Development in Cardinal Ratzinger’s native land of Bavaria: a Rococo pilgrimage church in Steingaden, known as the Wieskirche (image from Wikimedia Commons by Danielloh79, CC BY-SA 3.0 DE) ...
and the church of the Nativity of Mary in Aschaffenburg. Organic development?
This essay will be followed by a second one, which will propose a different way of talking about “organic” change to the liturgy. 

NOTES: [1] “Le pluralisme liturgique des deux états du rite romain est peut-être dommageable, mais il est la conséquence d’un éclatement liturgique sauvage, plus dommageable encore, sur lequel la lumière officielle est encore trop timidement faite.”

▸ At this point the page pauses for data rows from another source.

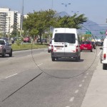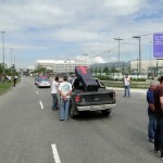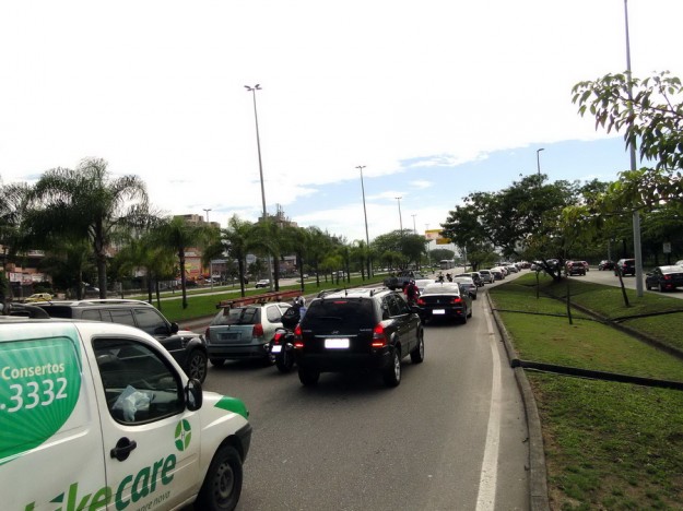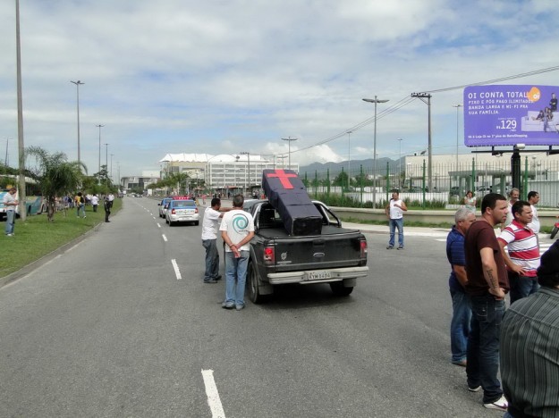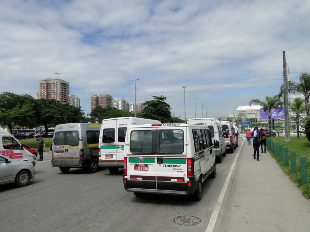 O congestionamento na Avenida das Américas chegou por volta das 9 H na Gláucio Gil, no Recreio, para desespero dos motoristas.Um grupo com cerca de 30 vans saiu por volta das 4 H da manhã do HSBC Arena , na Abelardo Bueno, e se dirigiu lentamente pela Ayrton Senna até parar no Cebolão , na altura do Terminal Alvorada . Ali, permaneceram por mais de 20 minutos, impedindo até a saída dos ônibus das estações. Passageiros cansados de esperar saltavam dos coletivos e seguiam a pé. Agentes de trânsito da CET – Rio interditaram algumas pistas centrais da Avenida das Américas tentando evitar o pior, mas não adiantou e o engarrafamento só cresceu. Do shopping Millenium ao Barra Shopping somente as motos tinham condições de trafegar. Nem em dias de feriado prolongado a via fica daquele jeito.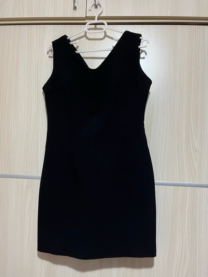 Siyah, kolsuz, V yaka ve midi uzunlukta, vücuda oturan bu elbise minimalist ve avant-garde tarzları sevenlere uygundur. 38-40 beden için uygundur.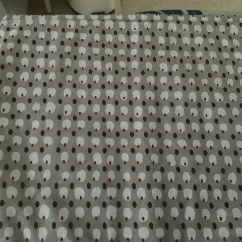 Puuvilla/akryylipinnoite joten helppo pyyhkiä ja pestä. Muutama pieni jälki saattaa liitoissa olla muutamasta kuva.Myyn kaikki kerralla. Jos postitus lisätään ne hintaan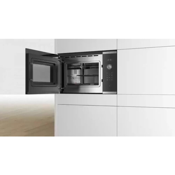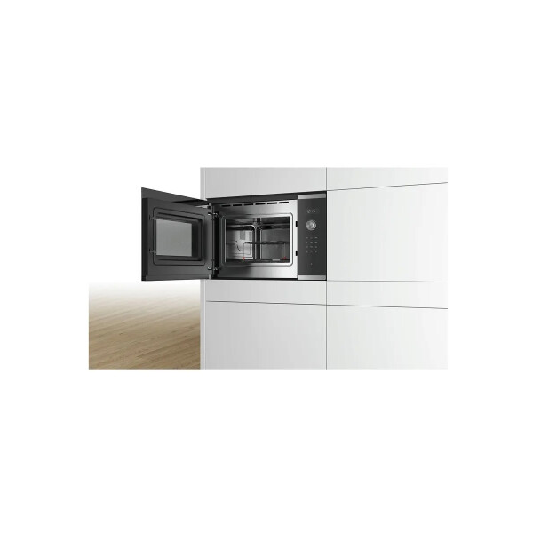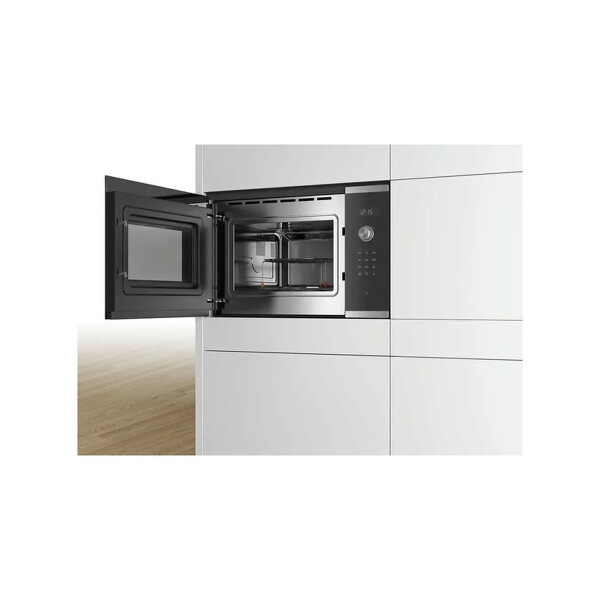 Микроволновая печь Bosch BEL554MS0 выполнена в черном цвете с элементами из нержавеющей стали и предусматривает в себе 5 режимов, с помощью которых можно подобрать оптимальный уровень мощности для разморозки, подогрева или приготовления любых продуктов. Сенсорная панель управления поможет быстро и точно настроить работу устройства. Автоматическое отключение и система охлаждения гарантируют безопасность эксплуатации.
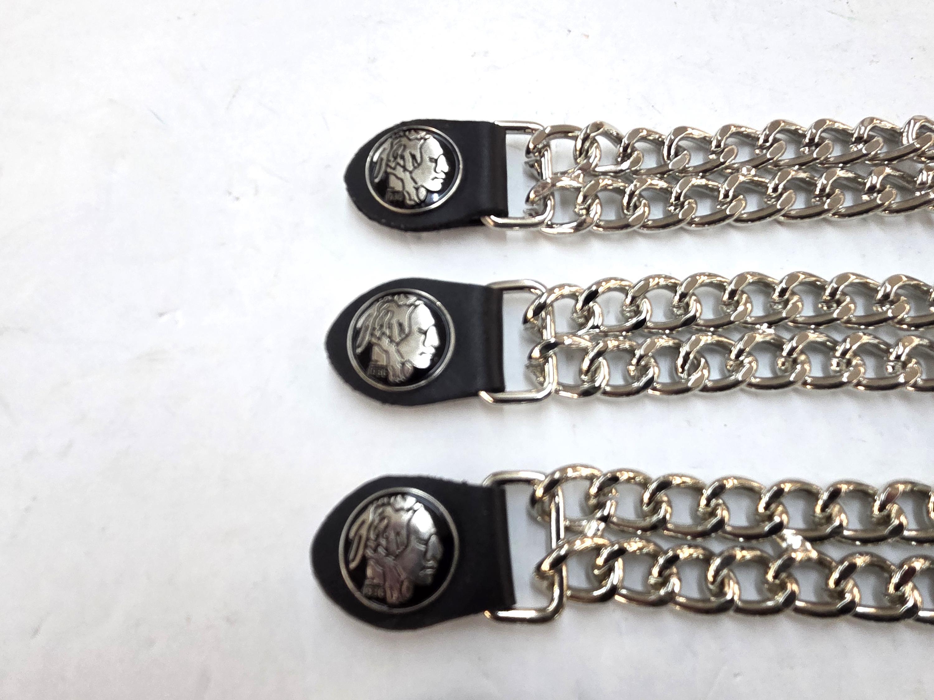 Set of 4 Indian Head Biker Vest Extenders – Snap-On Style, Free Shipping. Almost 7" long. Check our shop for other styles if desired.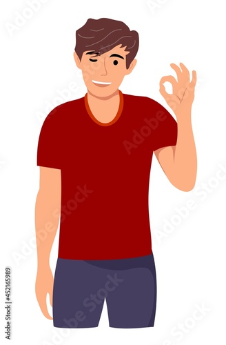 Happy excited young man is standing isolated on a pure background and shows ok sign. Portrait of a guy who shows ok sign. Vector cartoon flat illustration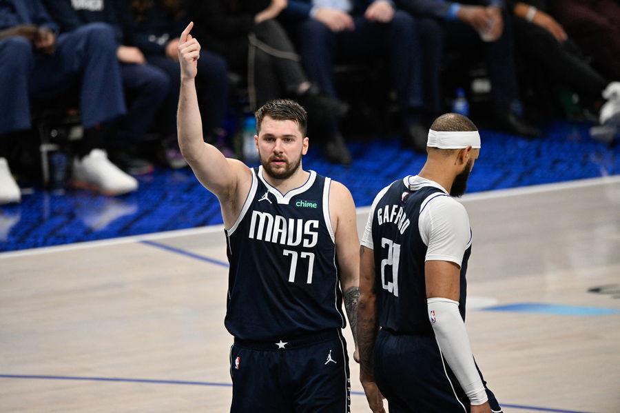 May 28, 2024; Dallas, Texas, USA; Dallas Mavericks guard Luka Doncic (77) gestures during the third quarter against the Minnesota Timberwolves in game four of the western conference finals for the 2024 NBA playoffs at American Airlines Center. Mandatory Credit: Jerome Miron-USA TODAY Sports

http://eucharistiemisericor.free.fr/index.php?page=1612078_humbrecht
[2] cap. 1.8: “Quanto ai fermenti, divenuti nella letteratura postconciliare un luogo comune di chi vuole abbellire il brutto, si può sì adoperare l’analogia biologica, ma bisogna distinguere fermenti produttivi di vita e fermenti produttivi di morte. ... Non ogni sostanza che fermenta germina un plus o un meglio. Anche la putrefazione cadaverica è un pullulare potente di vita, ma implica il disfacimento di una sostanza superiore. – As far as ferments are concerned, which in post-Conciliar writings have become a commonplace for those who wish to beautify the ugly, yes, one can use a biological analogy, but a distinction must be made between ferments that produce life and those that produce death. ... Not every substance that ferments germinates something more or better. Even the rotting of a cadaver overflows powerfully with life, but brings with it the decay of a greater substance.”

[3] “Innovationes, demum, ne fiant nisi vera et certa utilitas Ecclesiae id exigat, et adhibita cautela ut novae formae ex formis iam exstantibus organice quodammodo crescant.”